### Description of the task:
Nothing but the lines from the one containing "2.多種模塊電路在同一PCB" through the end of the data should be retyped, exactly as they stand, and pictures should not be retyped.

Items from a dataset
▼
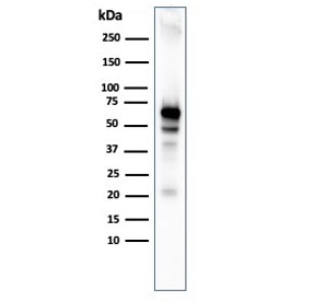 1 mg/ml in 1X PBS, BSA free, sodium azide free. Recognizes a protein of 62kDa, which is identified as AKT1. The serine/threonine kinase Akt family contains several members, including Akt1 (also designated PKB or RacPK), Akt2 (also designated PKB tyrosine residues 740 and 751, which bind the subunit of the phosphatidylinositol 3-kinase (PI 3-kinase) complex. Activation of Akt1 by insulin or insulin-growth factor-1 (IGF-1) results in phosphorylation of both Thr 308 and Ser 473. Akt proteins become phosphorylated and activated in insulin/IGF-1-stimulated cells by an upstream kinase(s), and the activation of Akt1 and Akt2 is inhibited by the PI kinase inhibitor wortmannin. Protein function: AKT1 is one of 3 closely related serine/threonine-protein kinases (AKT1, AKT2 and AKT3) called the AKT kinase, and which regulate many processes including metabolism, proliferation, cell survival, growth and angiogenesis (PubMed:15526160, PubMed:11882383, PubMed:21620960, PubMed:21432781). This is mediated through serine and/or threonine phosphorylation of a range of downstream substrates (PubMed:15526160, PubMed:11882383, PubMed:21620960, PubMed:21432781). Over 100 substrate candidates have been reported so far, but for most of them, no isoform specificity has been reported (PubMed:15526160, PubMed:11882383, PubMed:21620960, PubMed:21432781). AKT is responsible of the regulation of glucose uptake by mediating insulin-induced translocation of the SLC2A4/GLUT4 glucose transporter to the cell surface. Phosphorylation of PTPN1 at 'Ser-50' negatively modulates its phosphatase activity preventing dephosphorylation of the insulin receptor and the attenuation of insulin signaling. Phosphorylation of TBC1D4 triggers the binding of this effector to inhibitory 14-3-3 proteins, which is required for insulin-stimulated glucose transport (PubMed:11994271). AKT regulates also the storage of glucose in the form of glycogen by phosphorylating GSK3A at 'Ser-21' and GSK3B at 'Ser-9', resulting in inhibition of its kinase activity. Phosphorylation of GSK3 isoforms by AKT is also thought to be one mechanism by which cell proliferation is driven. AKT regulates also cell survival via the phosphorylation of MAP3K5 (apoptosis signal-related kinase) (PubMed:11154276). Phosphorylation of 'Ser-83' decreases MAP3K5 kinase activity stimulated by oxidative stress and thereby prevents apoptosis (PubMed:11154276). AKT mediates insulin-stimulated protein synthesis by phosphorylating TSC2 at 'Ser-939' and 'Thr-1462', thereby activating mTORC1 signaling and leading to both phosphorylation of 4E- BP1 and in activation of RPS6KB1 (PubMed:12150915). AKT is involved in the phosphorylation of members of the FOXO factors (Forkhead family of transcription factors), leading to binding of 14-3-3 proteins and cytoplasmic localization (PubMed:10358075). In particular, FOXO1 is phosphorylated at 'Thr-24', 'Ser-256' and 'Ser-319' (PubMed:10358075). FOXO3 and FOXO4 are phosphorylated on equivalent sites (PubMed:10358075). AKT has an important role in the regulation of NF- kappa-B-dependent gene transcription and positively regulates the activity of CREB1 (cyclic AMP (cAMP)-response element binding protein) (PubMed:9829964). The phosphorylation of CREB1 induces the binding of accessory proteins that are necessary for the transcription of pro- survival genes such as BCL2 and MCL1 (PubMed:9829964). AKT phosphorylates 'Ser-454' on ATP citrate lyase (ACLY), thereby potentially regulating ACLY activity and fatty acid synthesis. Activates the 3B isoform of cyclic nucleotide phosphodiesterase (PDE3B) via phosphorylation of 'Ser-273', resulting in reduced cyclic AMP levels and inhibition of lipolysis. Phosphorylates PIKFYVE on 'Ser-318', which results in increased PI(3)P-5 activity. The Rho GTPase-activating protein DLC1 is another substrate and its phosphorylation is implicated in the regulation cell proliferation and cell growth. AKT plays a role as key modulator of the AKT-mTOR signaling pathway controlling the tempo of the process of newborn neurons integration during adult neurogenesis, including correct neuron positioning, dendritic development and synapse formation. Signals downstream of phosphatidylinositol 3-kinase (PI(3)K) to mediate the effects of various growth factors such as platelet-derived growth factor (PDGF), epidermal growth factor (EGF), insulin and insulin-like growth factor I (IGF-I) (PubMed:12176338, PubMed:12964941). AKT mediates the antiapoptotic effects of IGF-I. Essential for the SPATA13-mediated regulation of cell migration and adhesion assembly and disassembly (PubMed:19934221). May be involved in the regulation of the placental development. Phosphorylates STK4/MST1 at 'Thr-120' and 'Thr-387' leading to inhibition of its: kinase activity, nuclear translocation, autophosphorylation and ability to phosphorylate FOXO3 (PubMed:17726016). Phosphorylates STK3/MST2 at 'Thr-117' and 'Thr-384' leading to inhibition of its: cleavage, kinase activity, autophosphorylation at Thr-180, binding to RASSF1 and nuclear translocation (PubMed:20086174, PubMed:20231902). Phosphorylates SRPK2 and enhances its kinase activity towards SRSF2 and ACIN1 and promotes its nuclear translocation (PubMed:19592491). Phosphorylates RAF1 at 'Ser-259' and negatively regulates its activity (PubMed:10576742). Phosphorylation of BAD stimulates its pro-apoptotic activity (PubMed:10926925). Phosphorylates KAT6A at 'Thr-369' and this phosphorylation inhibits the interaction of KAT6A with PML and negatively regulates its acetylation activity towards p53/TP53 (PubMed:23431171). Phosphorylates palladin (PALLD), modulating cytoskeletal organization and cell motility (PubMed:20471940). Phosphorylates prohibitin (PHB), playing an important role in cell metabolism and proliferation (PubMed:18507042). Phosphorylates CDKN1A, for which phosphorylation at 'Thr-145' induces its release from CDK2 and cytoplasmic relocalization (PubMed:16982699). These recent findings indicate that the AK
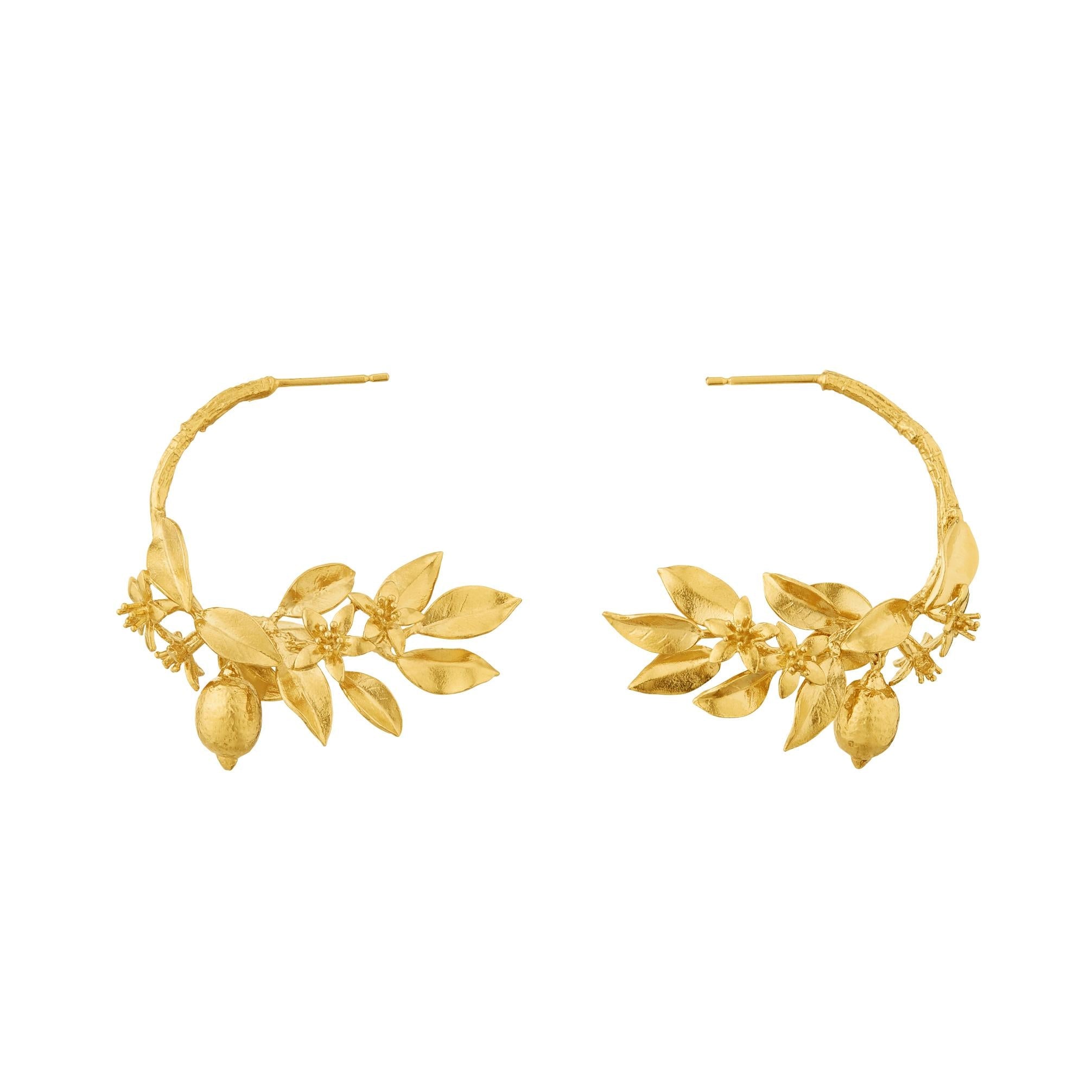 Ripe looking lemons nestled amongst leaves and blossoms move breezily from a textured branch, to form these statement hoop earrings.
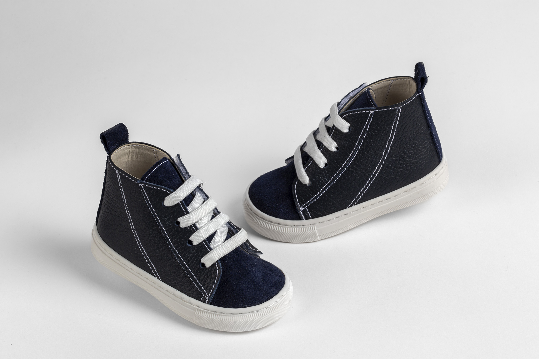 Μποτάκι περπατήματος σε μπλε λείο και καστόρ δέρμα everkid Α540Μ.
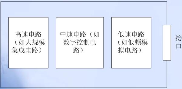 2.多種模塊電路在同一PCB上放置時,數(shù)字電路與模擬電路、高速與低速電路應(yīng)分開布局,以避免數(shù)字電路、模擬電路、高速電路以及低速電路之間的互相干擾。另外,當(dāng)線路板上同時存在高、中、低速電路時,為了避免高頻電路噪聲通過接口向外輻射,應(yīng)該遵從圖7中的布局原則。
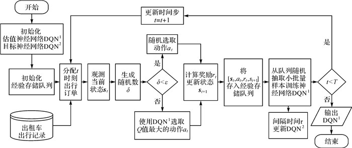 基于上述DDQN模型学习电动出租车运营的动作-价值网络,进行电动出租车运营决策。如图 4所示,初始化神经网络与经验存储队列后,通过不断递增时间步t, DDQN模型将不同涌现的出行需求分配至距离乘客最近的车辆。出租车利用训练后的动作-价值网络判断是否可以接受该次出行请求,或者随机性进行决策。如果10 min内未有车辆接单,则该次出行未被满足。
▲
### Solution to this task:
 2.多種模塊電路在同一PCB上放置時,數(shù)字電路與模擬電路、高速與低速電路應(yīng)分開布局,以避免數(shù)字電路、模擬電路、高速電路以及低速電路之間的互相干擾。另外,當(dāng)線路板上同時存在高、中、低速電路時,為了避免高頻電路噪聲通過接口向外輻射,應(yīng)該遵從圖7中的布局原則。
 基于上述DDQN模型学习电动出租车运营的动作-价值网络,进行电动出租车运营决策。如图 4所示,初始化神经网络与经验存储队列后,通过不断递增时间步t, DDQN模型将不同涌现的出行需求分配至距离乘客最近的车辆。出租车利用训练后的动作-价值网络判断是否可以接受该次出行请求,或者随机性进行决策。如果10 min内未有车辆接单,则该次出行未被满足。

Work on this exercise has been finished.